Problem requirements:
Skipping all pictures, print exactly the lines below from the one with "Voormalige molenmakerij en" through the final line.
::::
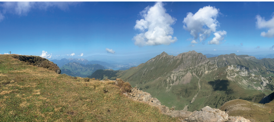
Kaiserliches Rundumpanorama auf dem Chaiserstuel. Der Gipfel ist so breit, dass es sich anbietet, hier zu picknicken.

Restaurant Kreuzhütte, 041 628 23 09, www.berghof.ch
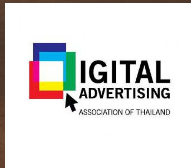
สมาคมโฆษณาดิจิทัล [ประเทศไทย]
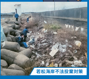
若松海岸不法投棄対策
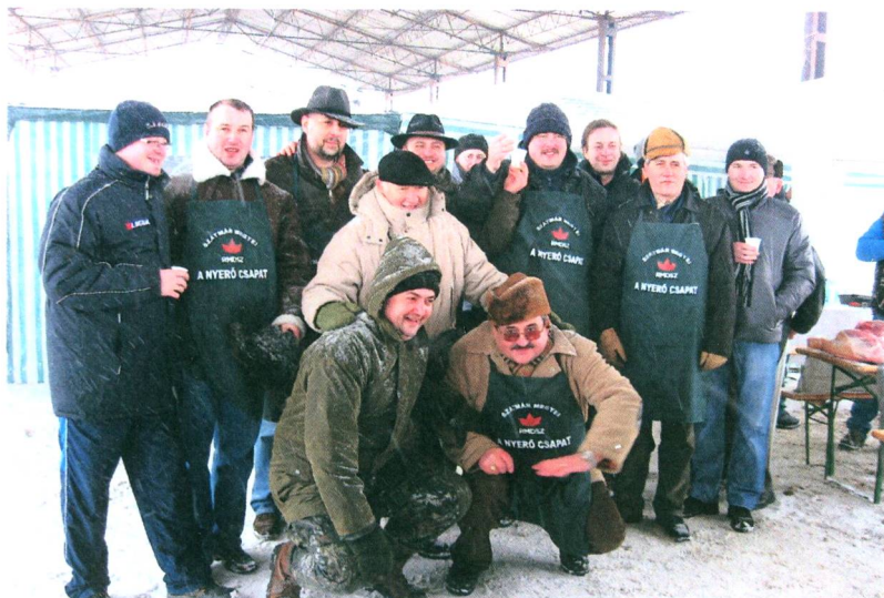
A II. Szatmár megyei Böllérversenynen résztvevő RMDSZ-vezetők
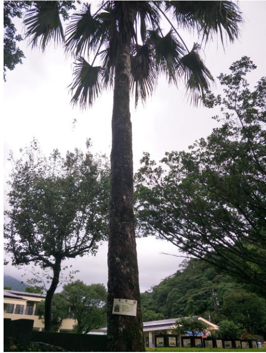
照片 1 說明：校園「蒲葵」解說-本校印製 QR-Code 校園植物牌，師生探尋校園植物可掃 QR-Code 認識校園植物。
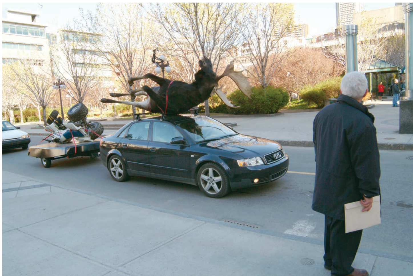
> BGL, Manif d'art 3 , 2005.
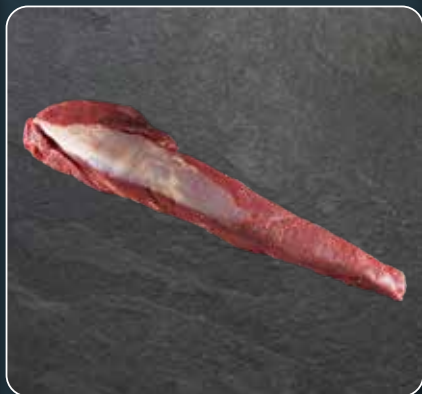
FILET AT von der Kalbin
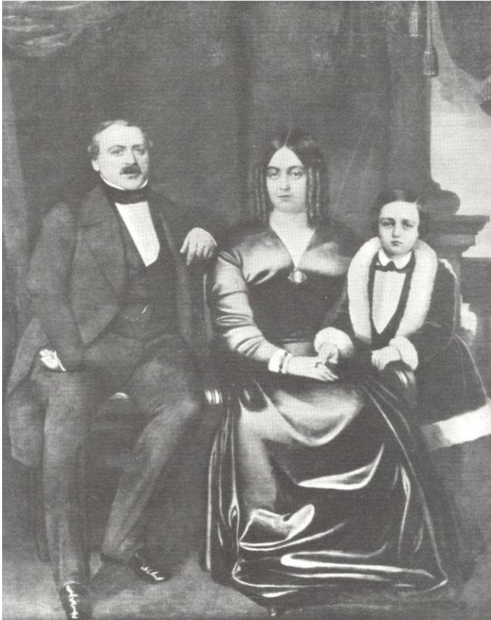
1. La famille Zola- François, Émilie et Émile
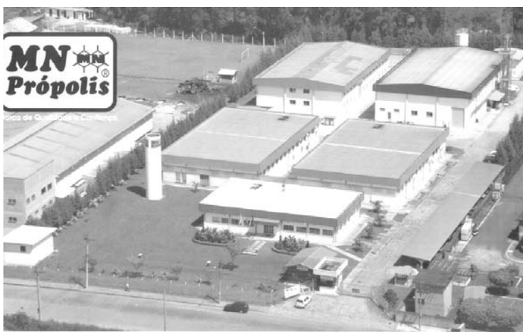
MNプロポリス本社工場

MNプロポリス社 (MN Propolis-Industria Comercio e Exportacao Ltda. 1992年8月創立)の経営哲学は「健康で明るく、隙間産業精神に徹し、オンライン企業をめざし、誰にも負けない努力をする。また、心を高め、利他の心で経営し、社会に貢献する」ことである。
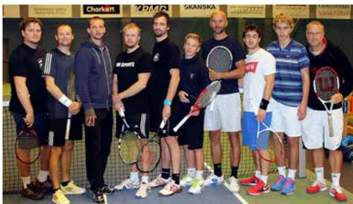
Herrlaget tog poäng och skrev historia för Karlskrona TK:s räkning.
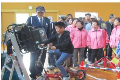
子どもと親・高齢者世代間交流交通安全教室 (荒島小)
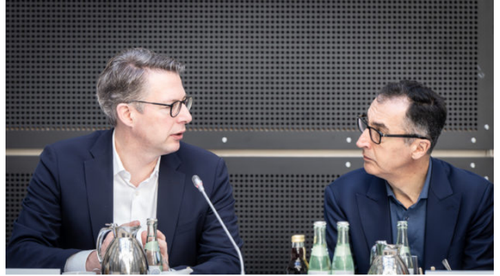
Wissenschaftsminister Markus Blume empfängt Gemeinsame Wissenschaftskonferenz ...
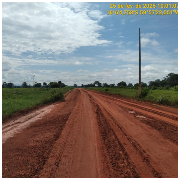
Foto 56 –Trecho não pavimentado MT-265 município de Pontes e Lacerda-MT.
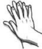
4. Suglaudžiami delnai, supinami pirštai ir trinami.
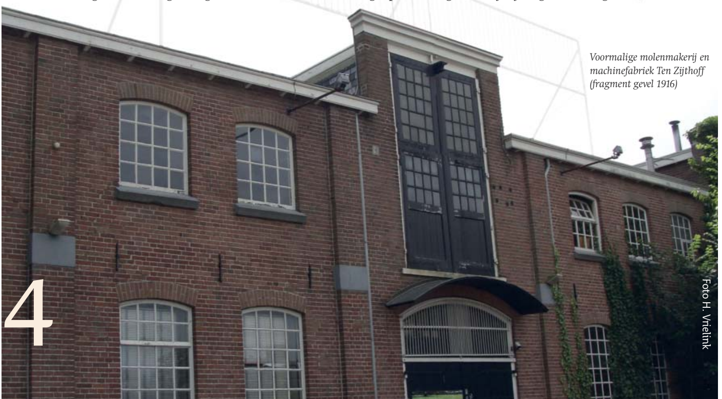
Voormalige molenmakerij en machinefabriek Ten Zijthoff (fragment gevel 1916)

De eeuwenoude haven verloor zijn functie toen in 1925 de eerste arm van de nieuwe haven werd geopend. Aangezien hij bij laag water zorgde
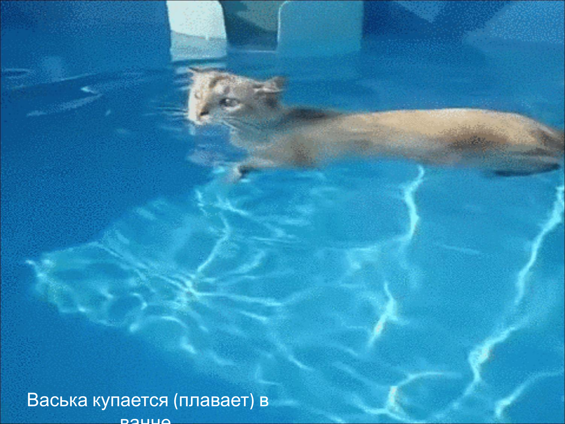
Васька купается (плавает) в ванне
::::
Exercise answer:
Voormalige molenmakerij en machinefabriek Ten Zijthoff (fragment gevel 1916)

De eeuwenoude haven verloor zijn functie toen in 1925 de eerste arm van de nieuwe haven werd geopend. Aangezien hij bij laag water zorgde
Васька купается (плавает) в ванне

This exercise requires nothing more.